⑥ throughput retune — max-autotune + ngram 64→48

The throughput axis: torch.compile max-autotune plus trimming the n-gram table multiplier 64→48 buys tokens/sec with no loss of quality.

⑦ width search — compute-optimal dim 768 → 640

The counterintuitive "go narrow": BO pushes "capacity isn't the bottleneck" to its conclusion — a narrower model (dim 768 → 640) eats more tokens/sec, and under a fixed budget more data beats more parameters.

⑧ H100 joint BO — 0.93421

Joint GP-EI over all the continuous knobs (size, LR, schedule, momentum) → 0.93421.

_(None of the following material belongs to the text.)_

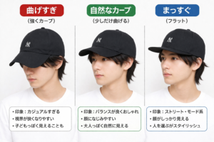つばを強く曲げすぎると、帽子の形が不自然に見えたり、全体の印象が古く見えたりすることがあります。

Updated (knowing when to stop): After 400+ evals, single-run improvement < 0.0002 — smaller than seed noise. I can no longer tell signal from luck. That's the noise floor. Stop.

Squeeze takeaway: the BO squeeze is data/search-driven — hundreds of steps, small wins. On the same H100 the curve now sits below recursive (0.9442).


B200 — the same recipe, more tokens (rung ⑨)

Belief: Is 0.93421 a recipe ceiling or a hardware ceiling? The #1, forge, is 0.9264 on a B200, which fits ~2.4–2.7× the tokens of an H100 in 5 min. This is a throughput problem, so the gap is probably hardware.

First, a make-or-break dependency — FA4. The B200's edge rides almost entirely on FlashAttention-4: FA3 is Hopper-only, so on a B200 without FA4 the tensor cores idle and a B200 can be worse than an H100. Our recipe already ships the same FA4 CUTLASS custom-op, so it kicks in automatically on Blackwell.

⑨ B200 tuning — 0.902291

Port the H100 champion as-is → 0.9109, already below both forge (0.9264) and overmind (0.9274). Then the same squeeze, with the H100 principles flipped by the larger token budget — "go narrow" becomes "go moderately wider": here the agent redraws the box in the opposite direction once the B200 log says so —

  • compute-optimal width moves wider: dim 768 (0.902) > dim 640 (0.911);
  • don't add depth: depth 10 (0.906) is worse than depth 8 (0.902);
  • widen n-gram capacity (48→64) — the core edge over forge;
  • BO presses matrix_lr down to 0.035.

Result: 0.902291, ~0.024 below the #1.

recipe val_bpb
ours (B200) 0.902291
forge #1 (B200) 0.926381
overmind #2 (B200) 0.927396

Three counterintuitive conclusions

intuition what the agent revised after measuring
if it's not good enough, make it bigger capacity cliff — under a token-bound budget, bigger is a net loss
pile on compute / parameters memory ≠ compute — spend the cheap resource: sparse hashed memory (rung ④)
bigger models are better go narrow when you should (H100 768→640), wider when you should (B200) — it's all about seeing more tokens

It's all discovery — two methods, one loop

It doesn't really matter which rung was a judgment call and which was BO — and that's the point. Both are discovery, just at different grains:

  • a prior-driven discovery of what to build and where to look — the agent (LLM ⊗ human ⊗ web) proposes techniques, draws the box of knobs worth tuning, and reflects on the log to redraw it;
  • a Bayesian discovery of the exact settings — a surrogate + Expected-Improvement presses that box to the noise floor.

They're the same activity at two resolutions, taking turns in one loop until the curve flattens: discover the structure, discover the settings, read the result, discover again. The discover→squeeze arc — and the B200 re-run — is just this one loop playing out.